There are only 5 markets for industrial robots that matter: China, Germany, Japan, US, and SK. The Chinese market is larger than the rest combined so foreign expansion should not be a priority/benchmark at all. German and Japan are both have their own industrial robot producers and will favor their own products. US will move to block Chinese market access the moment Chinese robots start taking significant market share. So the only realistic market for expansion is SK, which is by far the smallest of the relevant markets. Goal should only be to supply the Chinese market with competitive and cost-effective products in order to further enhance competitiveness of Chinese manufacturing, as industrial robots should be viewed as an input / intermediate good. Foreign markets are irrelevant.
@tacoburger
I think there is another way of looking at it.
We can clearly see that Chinese-made industrial robots will be the lowest cost and highest performance for more robot categories as time goes on.
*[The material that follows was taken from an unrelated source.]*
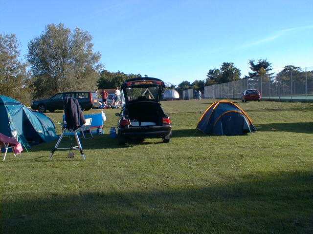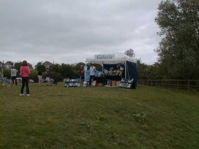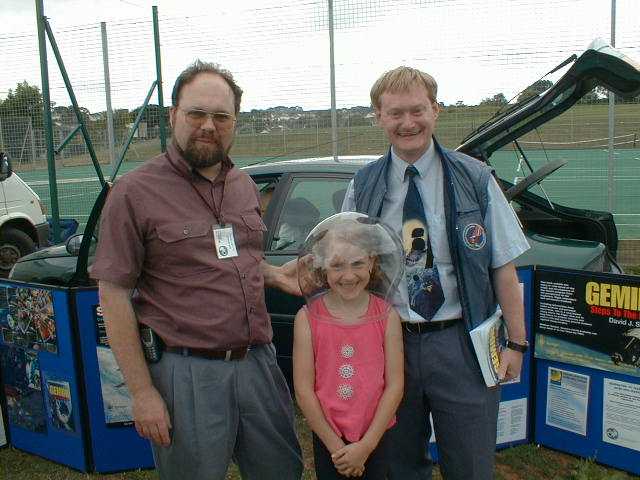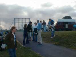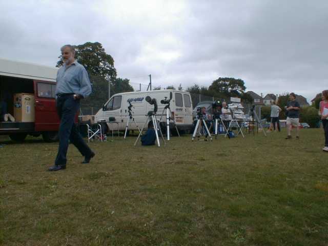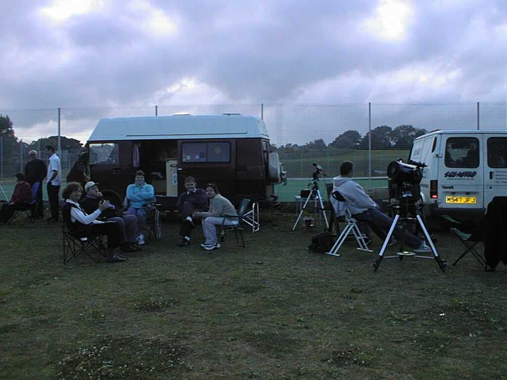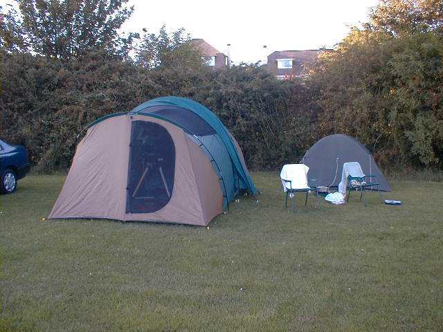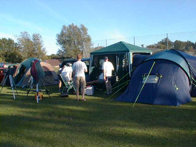 The 2002 astro-campThis year a third night of camping was added to last year's two. Many of our 'astro-campers' come a long way to visit AstroWest so the extra night was widely welcomed (and likely to be added to further next year).Grahame Veale (Torbay AS vice-chairman and Head of Science at the Torquay Boys' Grammar School) arrived early on the first day (Thursday) to open up all the kitchen, shower and toilet facilities. As an event organiser and principal contact for the astro-camp, Grahame was soon welcoming a steady flow of arrivals from around the country. The first night of observational activity was particularly successful once the first quarter moon had set. The cool and calm air across the main school field was soon host to a wide range of astronomical instruments. The school's 19-inch reflector peered into the dark sky and some very impressive equipment brought to the site by the campers was in full action. Altogether, a scene of peaceful contemplation of the heavens interrupted only by the occasional whirring of a 'goto' scope seeking its next target. The second (Friday) evening saw the arrival of Dave Norman (chairman of event hosts, Torbay Astronomical Society) along with fellow event organisers John Parratt (with his younger daughter, Stacey) and Kieron McGrath, owner of major south-west dealer SCS Astro. As he did last year, Kieron once again arrived in a van-full of telescopes and other exciting astronomical gadgets and goodies! (click on any image to see the full version) The Public Open DayThe campers awoke Saturday morning to the sound of the local seagulls on another pleasant day ...The day's programme officially commenced at 11am with the opening of the trade exhibition. These included Kieron McGrath of SCS Astro, displaying a wide range of telescopes for visitors to buy and look at.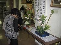 おあしすの方々が、生け花ボランティアに来てくださいました。お二人ともほぼ同じ素材なのですが、それぞれ個性的です。あっという間に生けて、作品ができあがりました。明日は、授業参観があります。保護者の皆様にも見ていただけます。

Given the size of the Chinese market (larger than the rest of the world combined), we will see a virtuous cycle where more robot sales = more revenue = more R&D spending to develop better robots = more sales.
If German, Japanese and US companies don't use Chinese robots, their companies will have higher manufacturing costs.
So they will lose out on manufacturing to Chinese companies using Chinese robots.
Taken to its logical conclusion, if superior Chinese industrial robots are only available in China, that means overseas factories will tend to go bankrupt, and that factory activity end up in China.
So yes, foreign sales of Chinese robots should be an afterthought.